Ouroboros

Ouroboros

Das Bild einer Schlange oder Schlange (manchmal geflügelt), die durch den Verzehr ihres eigenen Schwanzes einen
ewigen Kreis bildet, wurde in der frühchristlichen Zeit von vielen
Gnostikern übernommen und bleibt unser wichtigstes
heiliges Symbol. Obwohl wir das Kreuz auch als wichtiges
religiöses Symbol betrachten, ist es der Ouroboros, der unsere
visuelle Ikonographie als Gnostiker definiert. Wie in vielen unserer Gebete
und liturgischen Äußerungen erwähnt, glauben wir, dass wir berufen sind, ein
wahrhaft “ouroborisches Volk” zu sein, sowohl individuell als auch kollektiv
als Kirche. Was bedeutet das? Diese Seite wird Ihnen helfen, ein
wenig über die Geschichte und Bedeutung des Symbols zu lernen und eine
ikonographische Interpretation vorzuschlagen, um seine Zentralität für den gnostischen
Glauben zu erklären.
Das Bild des Ouroboros selbst hat Wurzeln in der altägyptischen
Religion und war möglicherweise mehrere hundert
oder sogar tausend Jahre vor der Geburt Christi ein heiliges Symbol in Ägypten. Es ist jedoch
eine interessante und in gewisser Weise verwirrende Tatsache, dass die Ouroboros
und andere Serpentinensymbole ihren Weg in die Kunst und
religiöse Bildsprache vieler vormoderner auf der ganzen Welt gefunden haben, anscheinend
unabhängig voneinander.
Wir sind uns alle des Bildes der Schlange in der Schöpfungsgeschichte
des Buches Genesis bewusst, und eine subversive gnostische Lektüre des Mythos
könnte darauf hindeuten, dass die Schlange der Bringer der Weisheit für Männer und
Frauen ist, was die autokratische und willkürlich tyrannische
Weigerung des “Gottes” in der Geschichte, den Menschen zu erlauben,
sich sogar der Natur der Welt um sie herum bewusst zu
von Gut und Böse”).
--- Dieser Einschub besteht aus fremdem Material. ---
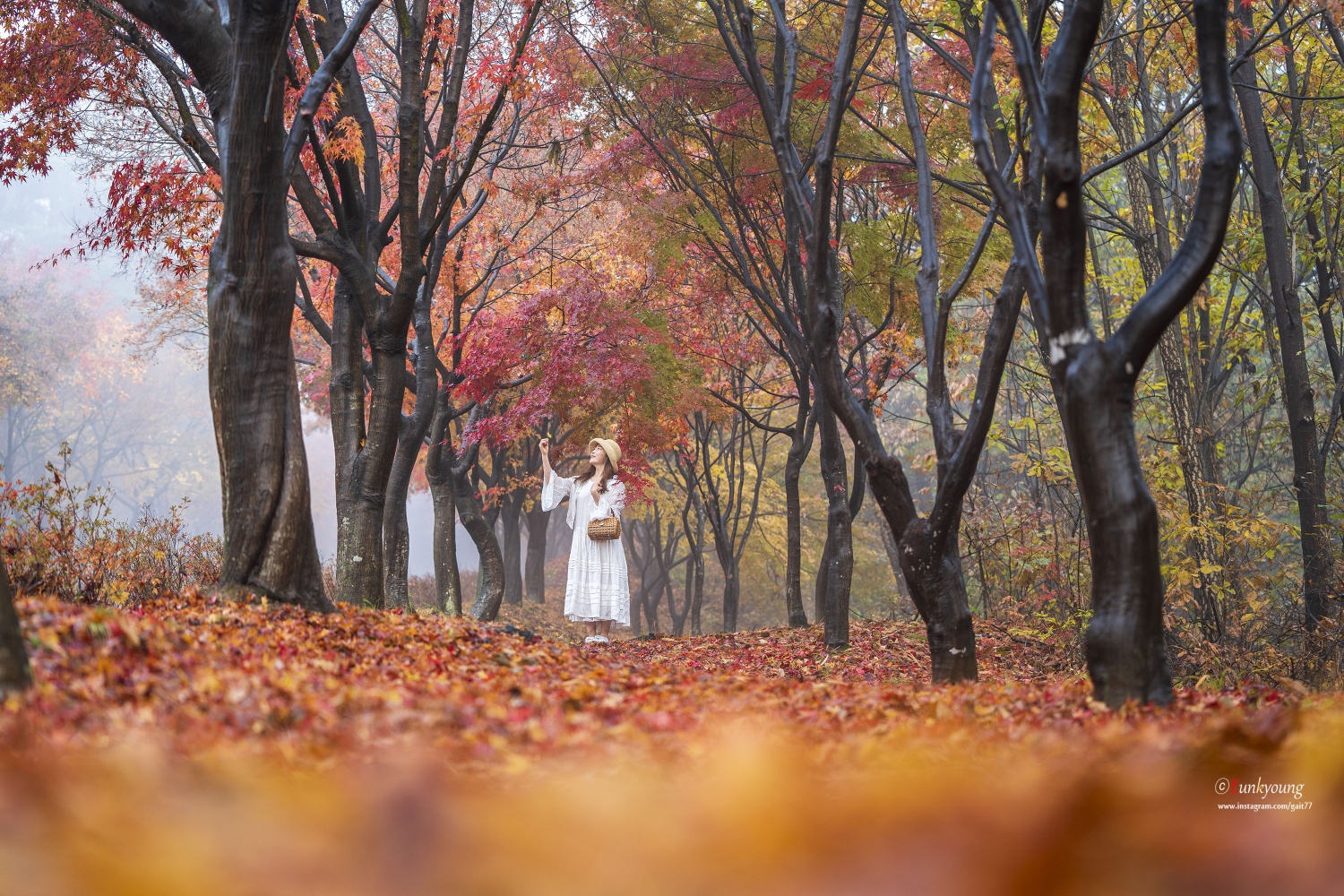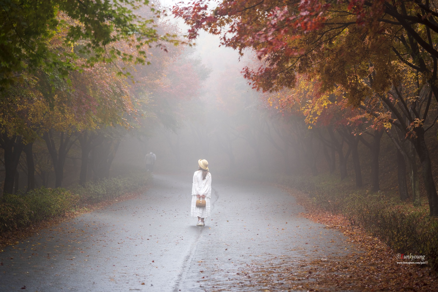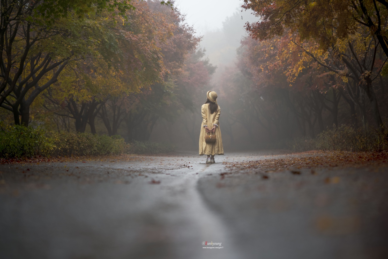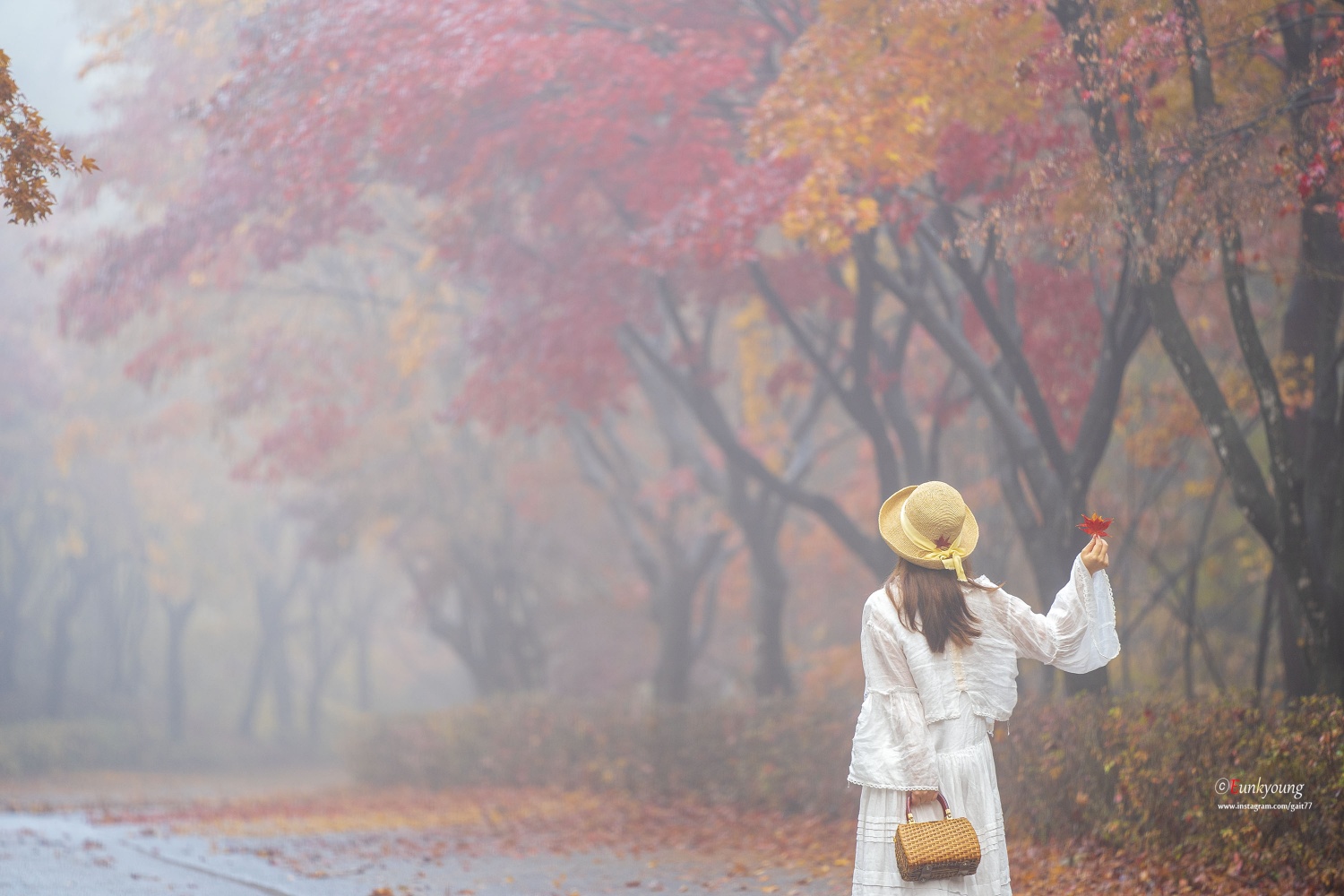 이른 새벽, 부슬비가 내리는 독립기념관의 단풍나무숲길. 비소식이 없었던 날이었는데... 빛을 볼 수 없다는 생각에 잠시 좌절모드에 빠져있던 그 순간. 자욱한 안개가 몽환적인 그림을 그려주던 아침이었습니다.

Dass Schlangen manchmal
als Quellen des Lebens und des Wissens angesehen wurden, wird durch andere
Referenzen wie die wiederkehrende Beziehung zwischen Moses und
Schlangen vorgeschlagen (Moses, als Befreier derer in der Dunkelheit der Sklaverei,
demonstriert seine Macht und Rolle, indem er seinen Stab in eine
Schlange verwandelt, zum Beispiel). In diesem Sinne spielt die Schlange auch eine Rolle
als Hüterin der Weisheit und des ewigen Lebens in mesopotamischen Mythen
wie dem Gilgamesch-Epos. Tausende von Kilometern entfernt spielten Schlangen
eine zentrale Rolle in der religiösen Bildsprache der indianischen
und mesoamerikanischen Kulturen, wie in der Maya-Stadt Chichen Itza,
dem aztekischen Mythos von Queztlcoatl (dem “gefiederten Schlangengott”) und den
bekannten “Schlangenhügeln” nordamerikanischer indigener Völker.
So verwundert es nicht, dass der
Ouroboros in der klassischen griechischen Kultur als Hüter der Tempel der
Göttin der Weisheit, der Athene, galt. Der Begriff “Ouroboros” selbst stammt
aus dem Griechischen, und das Wort beschreibt einfach das Bild und die
mythologische Kreatur als “eine, die ihren eigenen Schwanz verbraucht” oder mehr
einfach “Schwanzfresser.” Es scheint sehr wahrscheinlich, dass der frühe Gnostiker
das Symbol durch griechische Kunst von den früheren
Darstellungen der ägyptischen Ikonographie geerbt hat.
Was ist die visuelle oder symbolische Bildsprache des Ouroboros jenseits seiner
grundlegenden Assoziationen mit der Schlange der Weisheit? Das ewige Leben
, das der Ouroboros (“Schwanzfresser”) erlangt, indem er ständig
seinen eigenen Schwanz verzehrt, ist eine Art bittersüße Meditation über das menschliche
Leben, die die Hoffnung auf die unsterbliche Existenz des Geistes widerspiegelt, während
sich gleichzeitig auf die Zyklen von Geburt, Tod, Schmerz und
Verlust bezieht, die den Kern des physischen Lebens bilden, in dem sich der Geist
befindet.
Der Ouroboros ist ein herausforderndes, paradoxes Symbol, wie das Kreuz,
in dem ein Instrument des Todes zum Lebenszeichen wird. Im Fall
des Ouroboros kommt das ewige Leben der Schlange als kosmisches Wesen
nur mit wiederholten Verzehrungen der Schlange als physisches
Wesen, da sie sich ständig selbst verzehrt. Für uns Gnostiker spricht dies
über das, was Jesus uns gelehrt hat, dass wir, um ewiges Leben zu erlangen,
auf fundamentale Weise einen “Tod für die Welt” und
für die Körperlichkeit erleben müssen – natürlich nicht den körperlichen Tod, den wir alle
irgendwann erleben werden, sondern grundlegender einen geistigen Tod
, in dem wir, wie Lao-Tzu sagen könnte, “unsere Wünsche klein machen”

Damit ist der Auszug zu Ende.